▸ **What is needed**:
For this exercise, write out only the lines of the entries below from the one with "กทพ. แจ้งเบี่ยงจราจรทางยกระดับ M82" up to and including the one with "Slaapkamer 1 (voorzijde)", exactly as they are. Pictures stay out.

START Input data

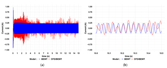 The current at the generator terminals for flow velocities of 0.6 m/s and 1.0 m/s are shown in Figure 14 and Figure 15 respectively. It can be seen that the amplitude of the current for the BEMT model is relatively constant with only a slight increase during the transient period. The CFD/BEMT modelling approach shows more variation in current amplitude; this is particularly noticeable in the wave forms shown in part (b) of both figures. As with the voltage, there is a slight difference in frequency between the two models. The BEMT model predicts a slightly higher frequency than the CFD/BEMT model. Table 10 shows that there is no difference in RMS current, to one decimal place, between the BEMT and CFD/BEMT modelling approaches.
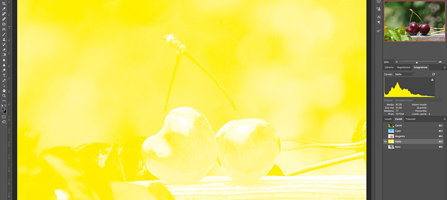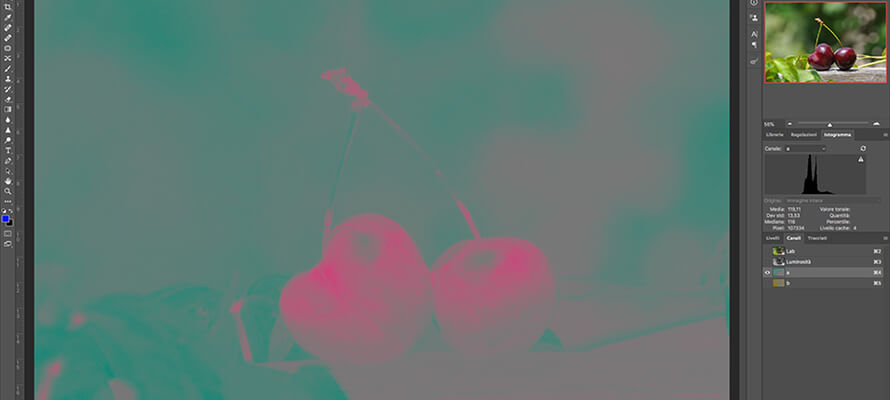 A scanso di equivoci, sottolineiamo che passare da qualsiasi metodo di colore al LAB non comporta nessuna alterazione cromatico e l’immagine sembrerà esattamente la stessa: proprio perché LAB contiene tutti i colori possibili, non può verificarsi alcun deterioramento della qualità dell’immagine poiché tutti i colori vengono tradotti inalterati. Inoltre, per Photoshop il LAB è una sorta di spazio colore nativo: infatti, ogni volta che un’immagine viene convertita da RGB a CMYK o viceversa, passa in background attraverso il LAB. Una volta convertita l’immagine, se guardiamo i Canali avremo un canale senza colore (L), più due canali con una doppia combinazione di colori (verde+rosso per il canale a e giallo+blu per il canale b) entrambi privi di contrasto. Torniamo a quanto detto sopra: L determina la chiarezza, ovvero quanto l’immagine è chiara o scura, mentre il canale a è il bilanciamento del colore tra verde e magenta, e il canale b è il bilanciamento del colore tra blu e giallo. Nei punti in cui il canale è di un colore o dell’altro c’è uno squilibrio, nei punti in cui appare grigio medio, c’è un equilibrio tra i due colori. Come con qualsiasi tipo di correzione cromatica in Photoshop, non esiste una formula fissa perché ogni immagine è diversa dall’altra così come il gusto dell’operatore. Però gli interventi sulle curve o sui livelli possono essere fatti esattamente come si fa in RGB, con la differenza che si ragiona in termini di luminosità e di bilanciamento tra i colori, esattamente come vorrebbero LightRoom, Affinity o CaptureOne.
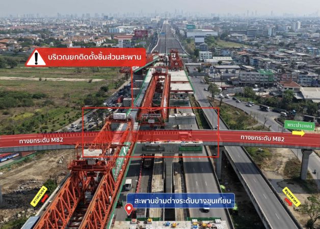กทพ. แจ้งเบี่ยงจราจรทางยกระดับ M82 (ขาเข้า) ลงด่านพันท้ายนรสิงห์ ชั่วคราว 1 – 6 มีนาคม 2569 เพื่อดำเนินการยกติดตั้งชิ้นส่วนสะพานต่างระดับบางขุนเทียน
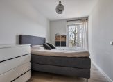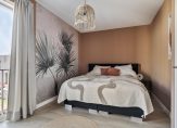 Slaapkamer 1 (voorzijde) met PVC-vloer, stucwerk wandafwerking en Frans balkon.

END Input data
START Input data

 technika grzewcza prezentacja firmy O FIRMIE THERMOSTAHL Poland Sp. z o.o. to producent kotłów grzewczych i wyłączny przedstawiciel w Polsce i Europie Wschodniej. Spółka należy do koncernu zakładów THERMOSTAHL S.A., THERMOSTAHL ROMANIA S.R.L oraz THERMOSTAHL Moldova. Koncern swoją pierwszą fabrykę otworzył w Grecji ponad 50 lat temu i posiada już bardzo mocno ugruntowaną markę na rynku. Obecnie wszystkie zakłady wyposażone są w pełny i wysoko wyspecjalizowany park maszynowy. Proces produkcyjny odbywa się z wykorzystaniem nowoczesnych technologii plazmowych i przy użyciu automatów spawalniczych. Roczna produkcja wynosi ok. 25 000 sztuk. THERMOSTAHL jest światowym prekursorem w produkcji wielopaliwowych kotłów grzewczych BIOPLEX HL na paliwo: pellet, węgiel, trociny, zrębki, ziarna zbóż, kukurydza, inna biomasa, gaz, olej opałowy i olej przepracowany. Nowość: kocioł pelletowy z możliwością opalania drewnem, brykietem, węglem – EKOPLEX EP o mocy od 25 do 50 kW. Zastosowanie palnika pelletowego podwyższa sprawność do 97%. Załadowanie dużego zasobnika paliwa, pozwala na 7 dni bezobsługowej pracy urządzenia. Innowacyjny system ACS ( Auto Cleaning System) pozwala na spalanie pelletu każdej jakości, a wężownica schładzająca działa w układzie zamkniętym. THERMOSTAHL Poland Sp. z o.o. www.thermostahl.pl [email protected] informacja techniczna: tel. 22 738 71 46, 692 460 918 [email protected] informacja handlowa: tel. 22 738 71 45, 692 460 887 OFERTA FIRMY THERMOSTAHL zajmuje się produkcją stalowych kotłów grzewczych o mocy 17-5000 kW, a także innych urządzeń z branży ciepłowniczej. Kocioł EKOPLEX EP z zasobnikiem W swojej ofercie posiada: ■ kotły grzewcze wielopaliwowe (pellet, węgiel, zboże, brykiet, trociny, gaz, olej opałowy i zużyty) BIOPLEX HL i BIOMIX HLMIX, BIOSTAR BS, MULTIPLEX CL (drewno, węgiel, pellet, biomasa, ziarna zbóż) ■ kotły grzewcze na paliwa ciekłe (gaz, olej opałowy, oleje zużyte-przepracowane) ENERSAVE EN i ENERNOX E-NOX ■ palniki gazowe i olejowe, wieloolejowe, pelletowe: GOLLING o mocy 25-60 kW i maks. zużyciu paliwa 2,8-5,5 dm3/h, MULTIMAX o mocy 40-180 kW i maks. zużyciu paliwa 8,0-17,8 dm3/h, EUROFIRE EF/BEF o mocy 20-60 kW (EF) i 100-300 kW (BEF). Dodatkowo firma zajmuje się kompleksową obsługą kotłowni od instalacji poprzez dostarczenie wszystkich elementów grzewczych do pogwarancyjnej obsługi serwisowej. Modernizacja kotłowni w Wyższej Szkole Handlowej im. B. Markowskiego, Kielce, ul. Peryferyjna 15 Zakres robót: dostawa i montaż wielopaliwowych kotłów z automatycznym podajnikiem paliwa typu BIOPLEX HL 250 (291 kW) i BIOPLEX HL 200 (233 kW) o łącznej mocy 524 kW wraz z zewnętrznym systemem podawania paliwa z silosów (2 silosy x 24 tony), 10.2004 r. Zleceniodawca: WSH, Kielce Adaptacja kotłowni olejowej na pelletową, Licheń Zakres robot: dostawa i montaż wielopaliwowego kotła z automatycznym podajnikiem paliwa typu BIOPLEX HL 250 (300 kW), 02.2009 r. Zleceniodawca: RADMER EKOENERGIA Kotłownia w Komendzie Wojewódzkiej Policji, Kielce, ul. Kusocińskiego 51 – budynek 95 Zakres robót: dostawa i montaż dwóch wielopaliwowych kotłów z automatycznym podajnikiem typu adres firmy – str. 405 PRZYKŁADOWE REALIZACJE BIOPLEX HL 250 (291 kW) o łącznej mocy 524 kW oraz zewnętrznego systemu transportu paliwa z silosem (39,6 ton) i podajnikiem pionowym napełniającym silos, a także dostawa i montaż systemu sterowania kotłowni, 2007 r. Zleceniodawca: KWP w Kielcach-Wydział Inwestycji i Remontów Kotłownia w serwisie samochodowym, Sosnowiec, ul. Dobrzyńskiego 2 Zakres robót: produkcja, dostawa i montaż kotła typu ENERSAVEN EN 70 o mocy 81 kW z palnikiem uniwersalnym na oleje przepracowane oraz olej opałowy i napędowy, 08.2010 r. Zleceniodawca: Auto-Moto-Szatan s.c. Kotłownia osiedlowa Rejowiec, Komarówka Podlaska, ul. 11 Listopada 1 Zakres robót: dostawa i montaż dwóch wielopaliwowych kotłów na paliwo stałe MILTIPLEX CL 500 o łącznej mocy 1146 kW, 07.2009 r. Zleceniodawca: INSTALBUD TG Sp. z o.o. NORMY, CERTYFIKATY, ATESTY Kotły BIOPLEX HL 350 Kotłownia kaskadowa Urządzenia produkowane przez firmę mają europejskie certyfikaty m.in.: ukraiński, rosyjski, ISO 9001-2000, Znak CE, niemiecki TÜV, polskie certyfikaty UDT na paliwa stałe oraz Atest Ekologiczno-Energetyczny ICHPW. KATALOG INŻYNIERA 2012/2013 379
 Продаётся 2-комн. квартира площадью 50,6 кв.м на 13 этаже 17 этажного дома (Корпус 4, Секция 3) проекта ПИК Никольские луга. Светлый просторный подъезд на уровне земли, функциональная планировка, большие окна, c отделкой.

END Input data

▸ **Result of the task**:
กทพ. แจ้งเบี่ยงจราจรทางยกระดับ M82 (ขาเข้า) ลงด่านพันท้ายนรสิงห์ ชั่วคราว 1 – 6 มีนาคม 2569 เพื่อดำเนินการยกติดตั้งชิ้นส่วนสะพานต่างระดับบางขุนเทียน
 Slaapkamer 1 (voorzijde) met PVC-vloer, stucwerk wandafwerking en Frans balkon.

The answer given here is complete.